Single by Mary Wells

from the album The One Who Really Loves You
- B-side: "I'm Gonna Stay"
- Released: February 8, 1962
- Recorded: Hitsville USA; 1961
- Genre: Soul
- Length: 2:30
- Label: Motown
- Songwriter: Smokey Robinson
- Producer: Smokey Robinson

Mary Wells singles chronology
| "Strange Love" (1961) | "The One Who Really Loves You" (1962) | "You Beat Me to the Punch" (1962) |

= The One Who Really Loves You (song) =

"The One Who Really Loves You" is a single recorded by Mary Wells on the Motown label in 1962 and released on her album of the same name.
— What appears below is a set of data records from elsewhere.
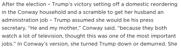 But we never really thought about Trump’s mother. Mothers should be off limits maybe? Even Trumps have mothers. A hasty misreading of this Kellyanne Conway quote:
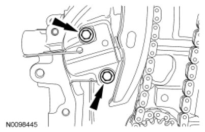 11. Position the timing chain tensioner and install the 2 bolts.
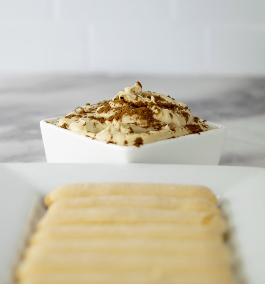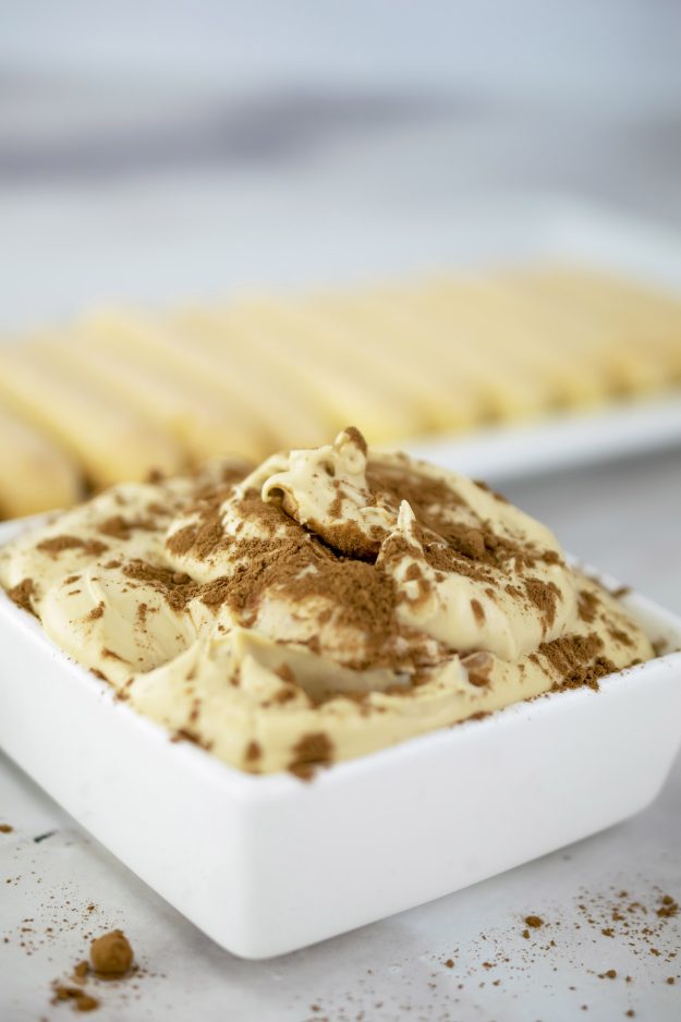 Serve with ladyfingers or fruit to bring that sweetness to a whole new level, and it’s topped with a final sprinkle of cocoa powder to give it that extra appeal. You do eat with your eyes first after all.
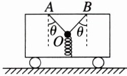 练2(2023·湖南模拟)(多选)如图所示,小车内一根沿竖直方向的轻质弹簧和两根与竖直方向成 $ \theta $ 角的细绳 $ OA $、$ OB $ 拴接一小球。当小车和小球相对静止,一起在水平面上向右运动时,下列说法正确的是(
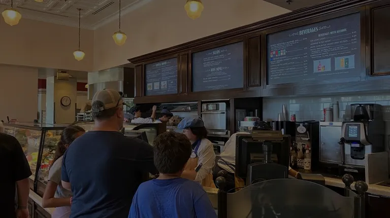 Food was meh. But of course this is Disney, what can you expect. Bagels felt a little dry. Food was just edible. I'd recommend going off site for a good bagel sandwich! The pastry was really yummy there though!

It was written and composed by Smokey Robinson of The Miracles and peaked at number eight on the Billboard Hot 100 chart and number two on the Billboard R&B chart.
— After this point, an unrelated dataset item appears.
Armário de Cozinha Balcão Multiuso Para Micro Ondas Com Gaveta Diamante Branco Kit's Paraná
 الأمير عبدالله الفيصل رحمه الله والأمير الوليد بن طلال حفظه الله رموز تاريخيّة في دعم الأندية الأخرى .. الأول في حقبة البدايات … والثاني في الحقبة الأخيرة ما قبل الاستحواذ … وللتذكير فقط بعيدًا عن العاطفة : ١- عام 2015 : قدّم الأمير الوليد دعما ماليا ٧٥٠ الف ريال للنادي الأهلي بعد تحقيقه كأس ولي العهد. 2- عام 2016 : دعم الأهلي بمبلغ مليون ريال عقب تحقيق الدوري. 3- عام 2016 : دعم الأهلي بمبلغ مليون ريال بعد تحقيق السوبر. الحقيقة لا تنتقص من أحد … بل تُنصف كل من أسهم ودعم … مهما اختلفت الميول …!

The song, written by Smokey Robinson, talks about a woman who's telling her boyfriend not to fall for other girls, because they don't want him, and their love isn't true, but hers is, so she's telling him that he "better wake up" before they "break up".

The single was the first of a trio of top ten hits Wells had with Robinson in the year (followed by "You Beat Me to the Punch" and "Two Lovers"). It featured vibraphone production and brought out a softer sound in Wells' voice that hadn't been shown in her earlier releases. The single was the highest-charting single of her career at the time.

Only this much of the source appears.